Monday, September 16, 2013

MOVIE OF THE WEEK: The Other Son


The Israeli-Palestinian conflict is an issue of major contention and naturally, it lends itself to dramatic representation through cinema. At this year's Oscars, the documentary feature category alone had 2 films (The Gatekeepers and 5 Broken Cameras) investigating the topic, while numerous other narrative films have found international acclaim in recent years. In my opinion, the most potent of these films are the ones that focus on the more intimate, personal stories rather than the inherent melodrama of the broader politics and societal implications. For this reason, I found myself quite taken with the narrative of "The Other Son".
The film's story is that of 2 young men who find out that they were accidentally switched at birth in an Israeli hospital.

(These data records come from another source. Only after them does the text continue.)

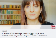 Διαβάστε την συνέντευξη της καθ. Φοίβης Κουντούρη στην δημοσιογράφο Χρυσούλα Γρίβα για το CNN Greece27-05-2021«Κορωνίδα όλων των δράσεων είναι η Εκπαίδευση. Θα πρέπει η βιωσιμότητα και ο σεβασμός του ανθρώπου προς τους διαθέσιμους περιβαλλοντικούς πόρους να περάσει στη συνείδηση των πολιτών από μικρή ηλικία και να αποτελεί μέρος της αγωγής των μαθητών σε όλη τη διάρκεια της σχολικής τους πορείας...
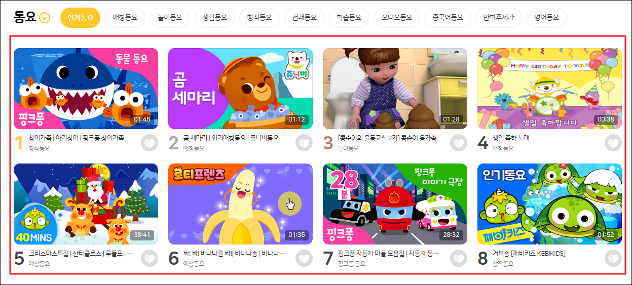 ▼ 이곳에서 제공하는 동요나라 컨텐츠는 다양한데요. 일단 인기 순서로 보면 거의 모든 아이들이 좋아하는 상어가족, 곰 세마리, 콩순이의 율동송인 응가송, 생일 축하 노래, 산타클로스, 자동차 마음 모음집, 거북송 등 많이 있어요. 모두 무료로 들을 수 있는데요. 요즘에는 전래동요보다 이렇게 현대식으로 제작된 동요나라 컨텐츠의 인기가 좋아요.
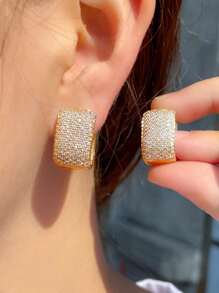 Shein - 1 Pair Fashion Cubic Zirconia Hoop Earrings
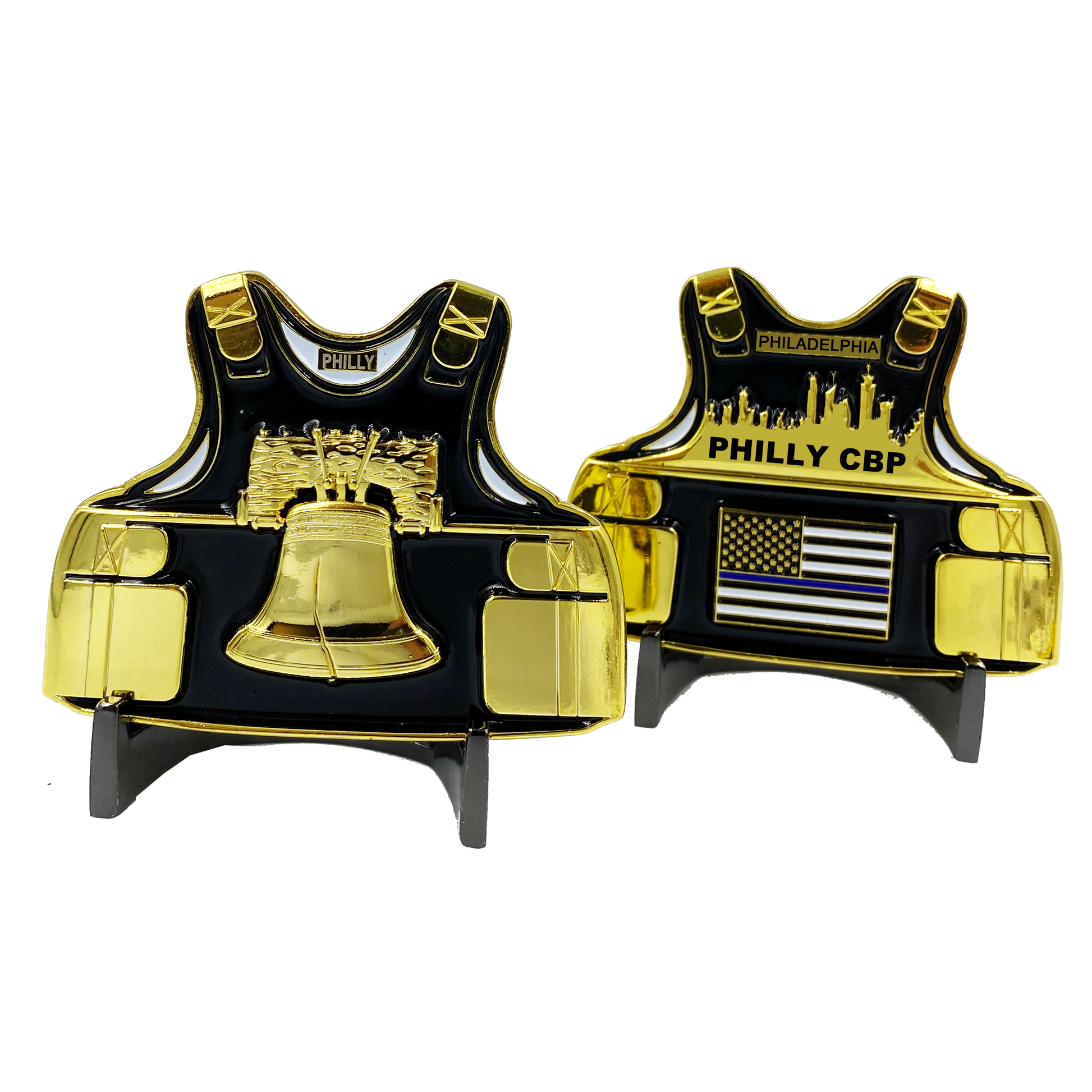 AA-002 Philly CBP Police Body Armor Thin Blue Line Flag Challenge Coins Philadelphia Liberty Bell Border Patrol Field Ops
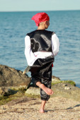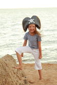 piękny wesoły dziewczynka w stroju pirata jest studiując mapę skarbów.
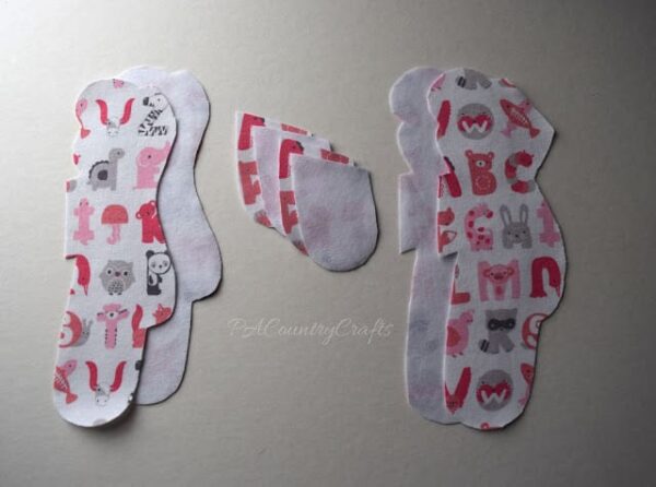 #3 將這幾個布料剪成以下的形狀,如果沒把握,可以先在紙上畫好形狀,然後對照著剪下來。
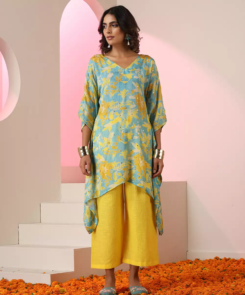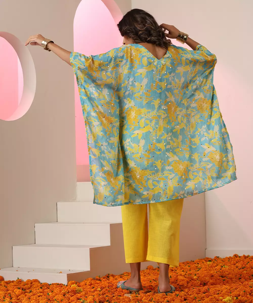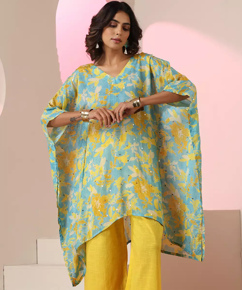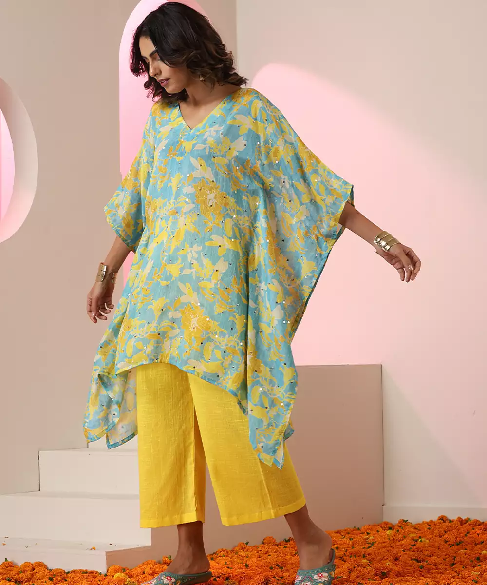 This Multicolour Printed Crepe Kaftan Showcases Vibrant Patterns And A Breezy Silhouette, Perfect For Stylish Comfort. Crafted From Lightweight Crepe Fabric, It Drapes Beautifully And Allows Easy Movement. Ideal For Vacations, Brunches, Or Relaxed Outings, This Kaftan Adds A Lively, Elegant Touch To Your Wardrobe With Its Effortless Charm.
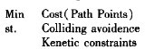 所谓满足动力学约束条件是指求得的路径易于机器人控制系统进行跟踪,即可以较容易地根据求得的顺序点列生成相应的机器人各个驱动电机的控制数据,并且这些控制数据在机器人动力系统的允许范围之内。动力学约束条件包括:关节角的调节范围,角速度、角加速度限制,速度、加速度限制等等。动力学约束条件有两种类型:完整性约束和非完整性约束。
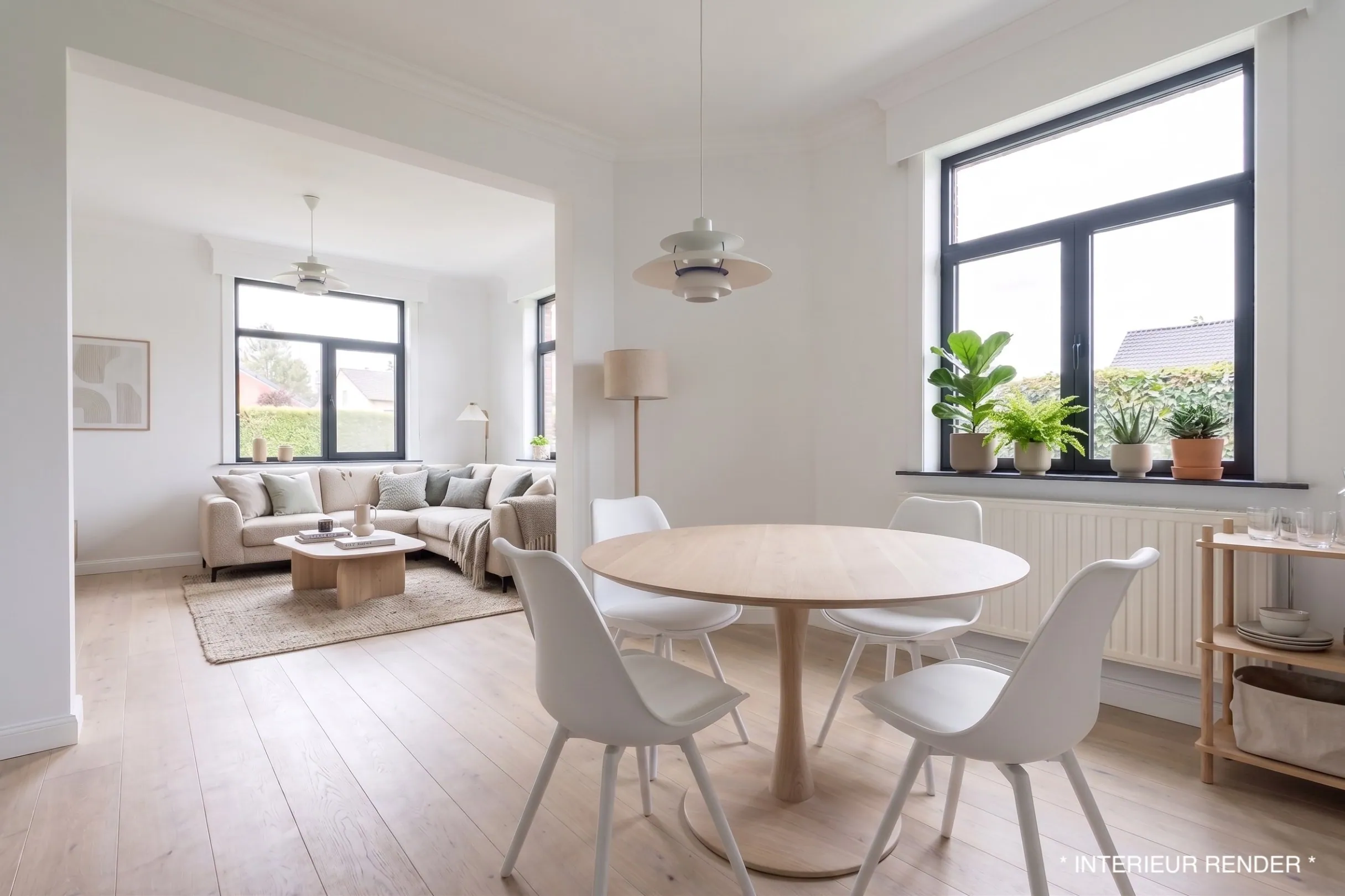 doorbrengt of gasten ontvangt in een aangename setting. De indeling laat toe om deze ruimte volledig naar eigen smaak te moderniseren.

The catch? One is Israeli and the other Palestinian. Now, it may seem like I have contradicted my earlier statement when I praise this seemingly melodramatic plot, but it plays out much more subdued than you would expect. Yes, the emotions do run high, but the film mostly uses the setup as a way to smartly pose questions about how the characters define their identity. Through its focal characters Yacine and Joseph and supporting cast of parents, siblings and friends, the film explores intriguing issues surrounding culture, food, music, religion and family. I found myself wrapped up in the story as we observe all these characters dealing with the peculiar situation in their own ways. It ends up covering a lot of ground in highlighting the various perspectives associated with the conflict, maintaining its delicate, intimate feel throughout.
Anyone hoping for something more incendiary or provocative would surely be disappointed. Some may even find the film unexciting. If you are patient however, there's intelligent discourse to be found and this should prove to be engaging in its own right.
Now while I was certainly a fan of the film, I would also readily admit to its shortcomings. There were a few elements that felt contrived, particularly the families' mutual links to France (to allow some of the actors to speak French). Hollywood often applies British accents to anything European or historical though, so I will let that slide for this French production. Even with these minor flaws, you still get a noteworthy film. "The Other Son" spreads a good message of tolerance and its heart is in the right place.